The remodeling sector will start slow but show enough improvement over the year that it will end 2012 on a positive note, according to a key forward indicator tabulated by the Joint Center for Housing Studies at Harvard University.
“We’re beginning to see some hopeful signs in the economy, and the housing market is finally starting its slow recovery,” says Eric S. Belsky, managing director of the Joint Center. “That should prove helpful for home improvement spending as the year progresses.”
The Joint Center’s Leading Indicator of Remodeling Activity estimates national homeowner spending on improvements for the current quarter and subsequent three quarters. Measured as an annual rate-of-change of its components, the indicator provides a short-term outlook of remodeling activity and is intended to help identify future turning points in the business cycle of the home improvement industry.
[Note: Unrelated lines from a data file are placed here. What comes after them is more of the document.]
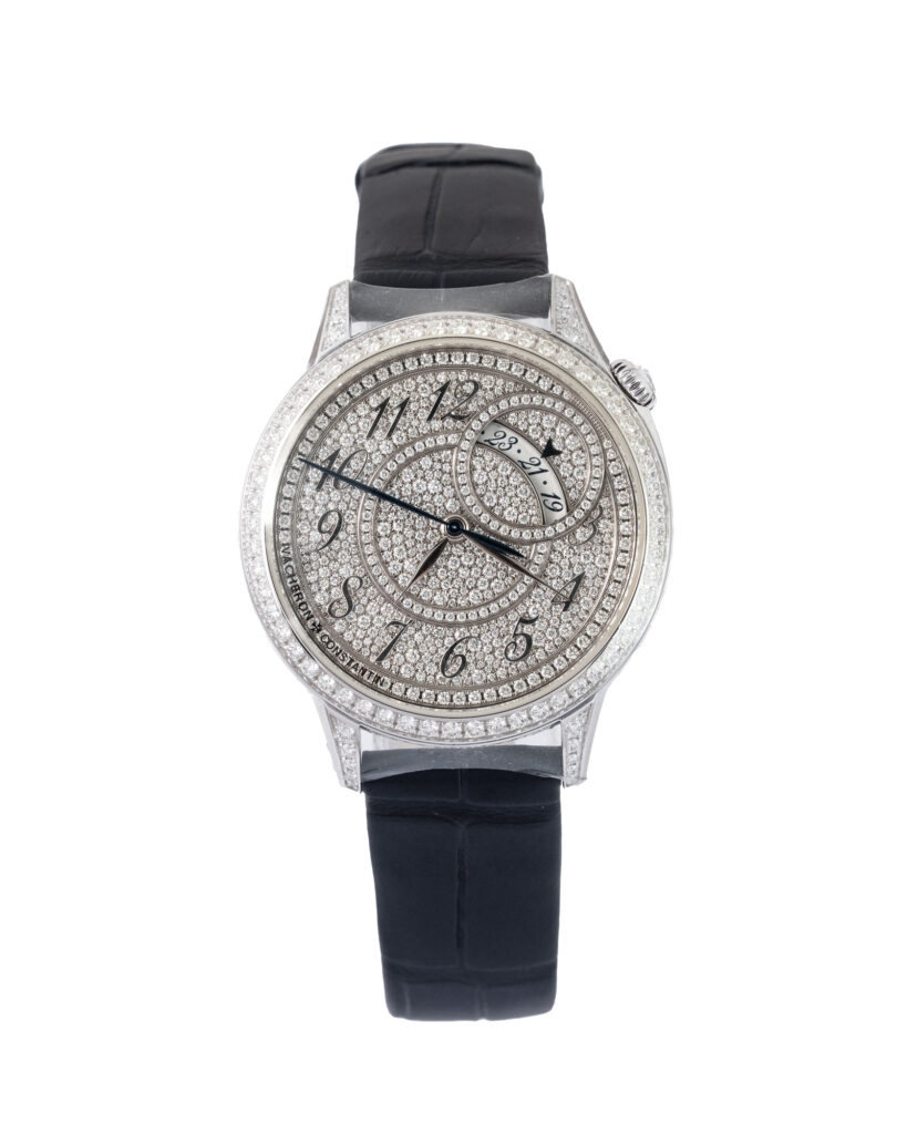 brand: Vacheron Constantin Reference: 4606F/000G-B649 Model: Égérie case MATERIAL: White Gold strap: Leather case Size (MM): 35mm Dial colour: Diamond Bezel: White Gold Year: 11/2021 Condition: Unworn Box papers : Paperwork/box
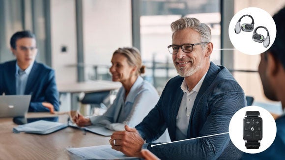 会議中や広い場所でもおすすめです。聞き取りづらい時は、集音器を腕からはずし机の上に置けば、より大きく聞くことができます。
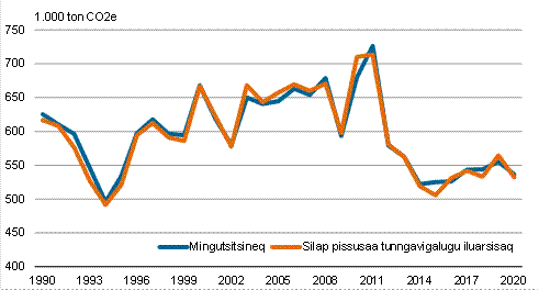 mingutsitsineq annikillivoq. 2020-mi GJ ataasiakkaarlugit 60,8 kg drivhusgassiusimapput 1990-imi 73,3 kg-usimasut.
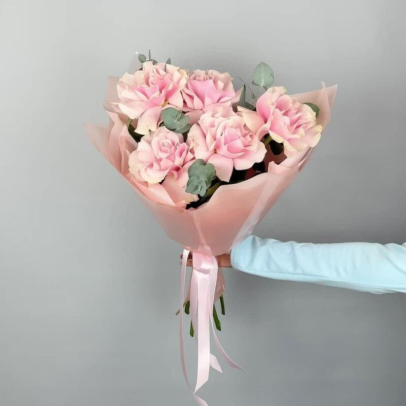 Лента атласная – 1 шт.Французская роза – 5 шт.Дизайнерская упаковка – 1 шт.эвкалипт цинерея пучок – 1 шт.влагостойкий тишью – 1 шт.
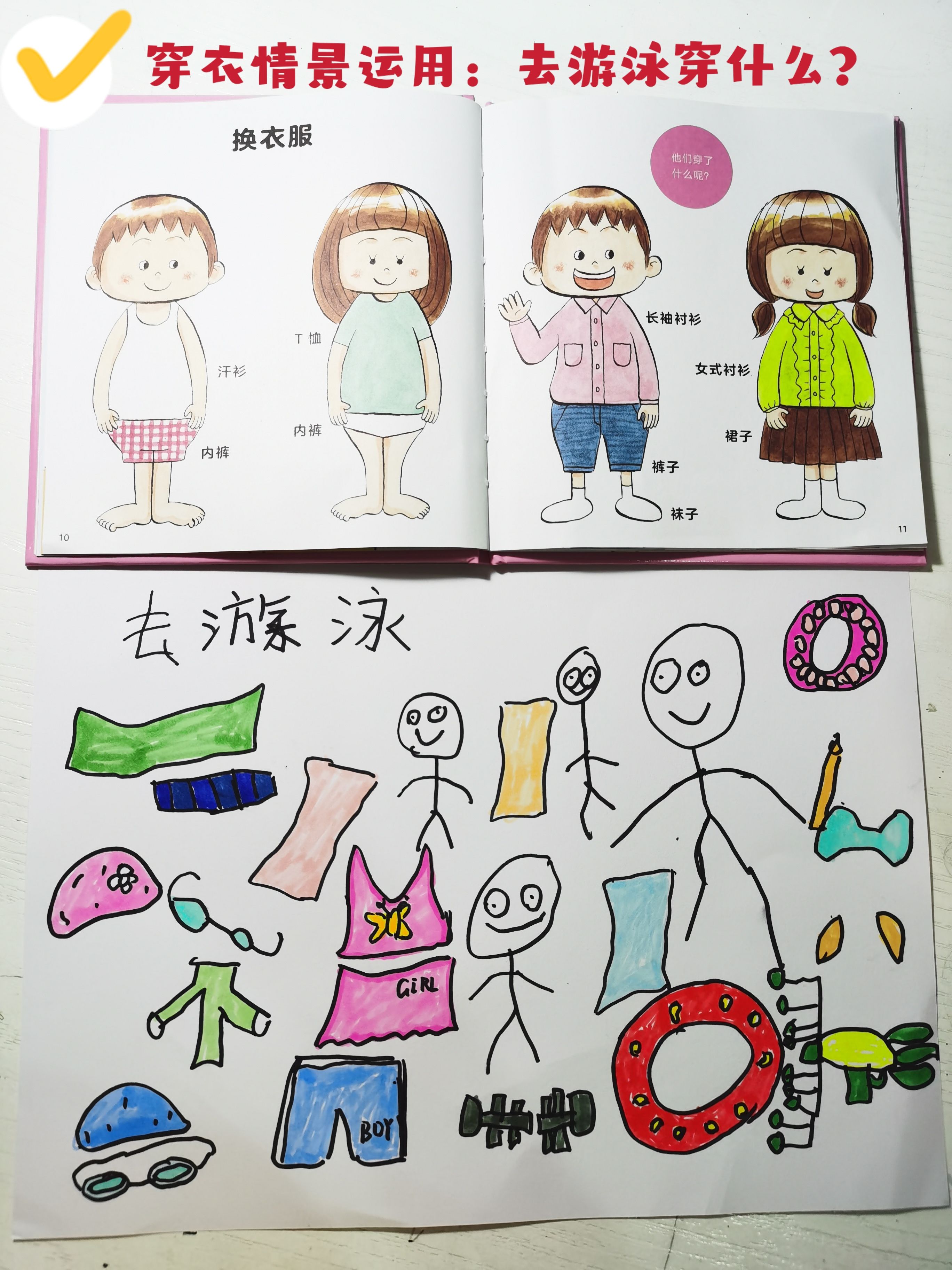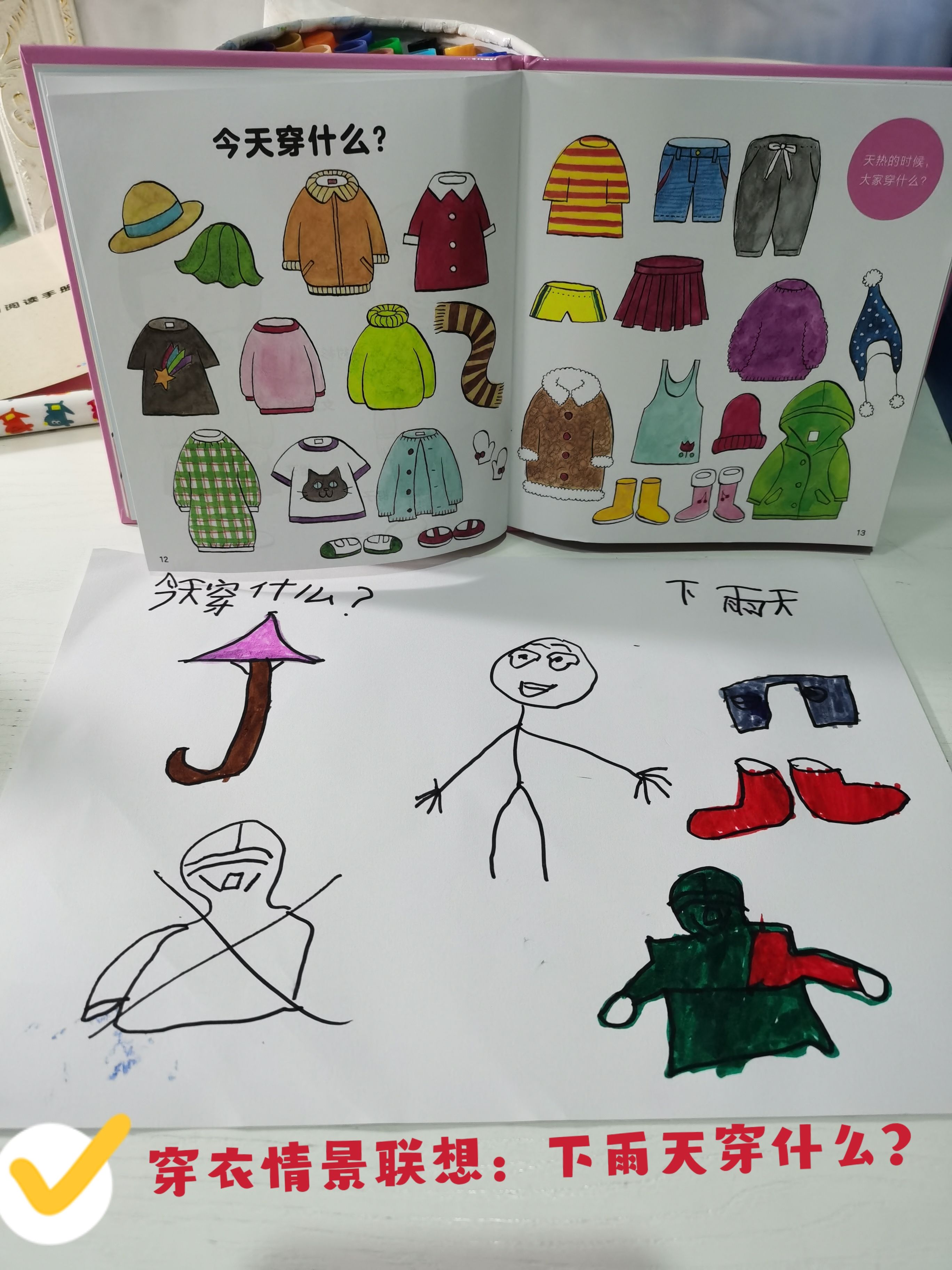 呈哥是一个脑洞大开的艺术家,每次拓展思路都让我眼前一亮,这次他自己画了下雨天和去游泳两个不同情景需要穿的衣服和配饰装备,这个玩法可以很好地训练孩子的情景想象能力及逻辑思维能力。

“Sales of existing homes have been increasing in recent months, offering more opportunities for home improvement projects,” says Kermit Baker, director of the Remodeling Futures Program at the Joint Center. “As lending institutions become less fearful of the real estate sector, financing will become more readily available to owners looking to undertake remodeling.”
The Remodeling Futures Program is a comprehensive study of the factors influencing the growth and changing characteristics of housing renovation and repair activity. The program seeks to produce a better understanding of the home improvement industry and its relationship to the broader residential construction industry.
The LIRA is released in the third week after each quarter’s closing. The next LIRA release date is April 19, 2012.